Enforcing a minimal substring length of 2 will return a result similar to what you've outlined in your question.
It does seem like it requires some tinkering with the algorithm (for example, ensuring a certain substring is first in all strings), and then you need to invoke it over your entire set... I hope this at least gives you a possible direction.
Well, the "natural number" ordering part is actually easy, simply replace all numbers with formatted number where there is enough leading zeroes, eg. Test 9V -> Test 000009V and Test 12B -> Test 000012B. These are now sortable by standard methods.
For the actual ellipsisizing. Unless this is actually a huge system, I'd just add manual ellipsisizing "list" (of regexes, for flexibility and pain) that'd turn certain words into ellipses. This does requires continuous work, but coming up with the algorithm eats your time too; there are myriads of corner cases.
I'd probably try a "Floodfill" approach.
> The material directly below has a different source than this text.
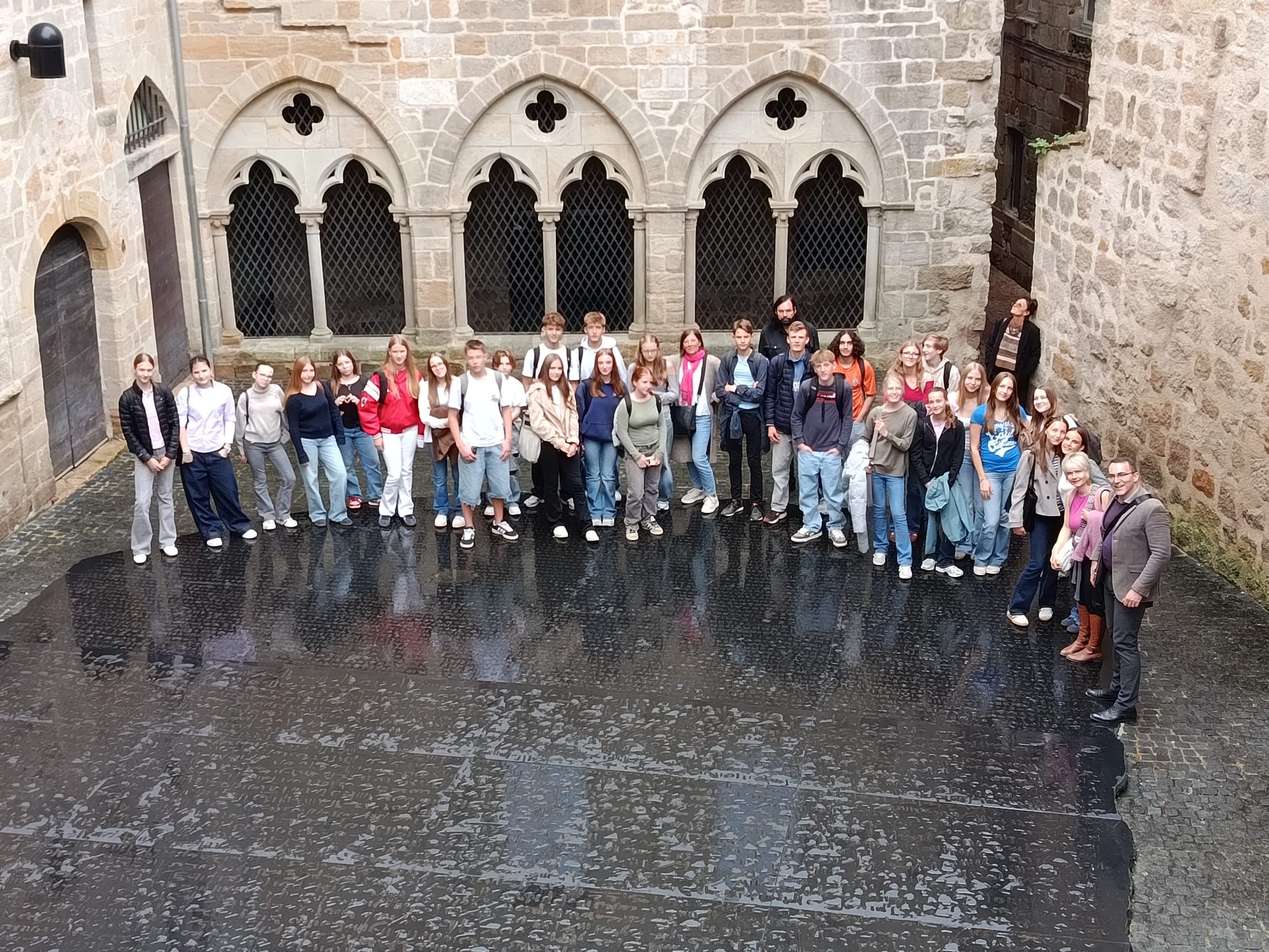 Vom 1.- 9. Oktober 2025 war es wieder so weit: Mit einer Gruppe von 28 Schüler*innen der Klasse 9-10 haben wir unsere Partnerschule in Figeac, Südfrankreich besucht. Wir waren in Gastfamilien untergebracht, haben am Schulunterricht unserer französischen Austauschpartner*innen teilgenommen und tolle Ausflüge gemacht. So waren wir an einem Tag in der wunderschönen Stadt Toulouse und haben auch die Grotten von Padirac mit einer unterirdischen Bootsfahrt erkundet. Nach einer erlebnisreichen Woche mit viel französischer Kultur und vielen Sprachbegegnungen gab es auf der Rückreise noch ein „Highlight“: ein Zwischenstopp in Paris mit einer nächtlichen Bootsfahrt auf der Seine. Nun freuen wir uns schon auf den Gegenbesuch der französischen Gruppe bei uns, der im nächsten Jahr in der Woche rund um den 2. Advent stattfinden wird.

Arrange first level of directories as you would a bitmap, every letter is a pixel. iterate over all characters that are in names of directories. with all of them, "paint" this same character, then "paint" the next character from first string such that it follows this previous character (and so on etc.) Then select the longest painted string that you find.
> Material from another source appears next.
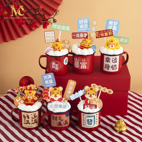新年杯创意蛋糕装饰 红漆小杯招财进宝新年老虎蛋糕装...

Example (if prefixed with *, it's painted)
Foo
BarFoo
*Foo
Bar*Foo
*F*oo
Bar*F*oo
...
note that:
*ofoo
b*oo
*o*foo
b*oo
.. painting of first 'o' stops since there are no continuing characters.
of*oo
b*oo
...
And then you get to to second "o" and it will find a substring of at least 2.
So you will have to iterate over most possible character instances (one optimization is to stop in each string at position Length-n, where n is the longest already found common substring. But then there is yet another problem (here with "Beta Beta")
| <- visibility cutout
Alfa Beta Gamma Delta 1
Alfa Beta Gamma Delta 2
Alfa Beta Beta 1
Alfa Beta Beta 2
Beta Beta 1
Beta Beta 2
Beta Beta 3
Beta Beta 4
What do you want to do? Cut Alfa Beta Gamma Delta or Alfa Beta or Beta Beta or Beta?
This is a bit rambling, but might be entertaining :).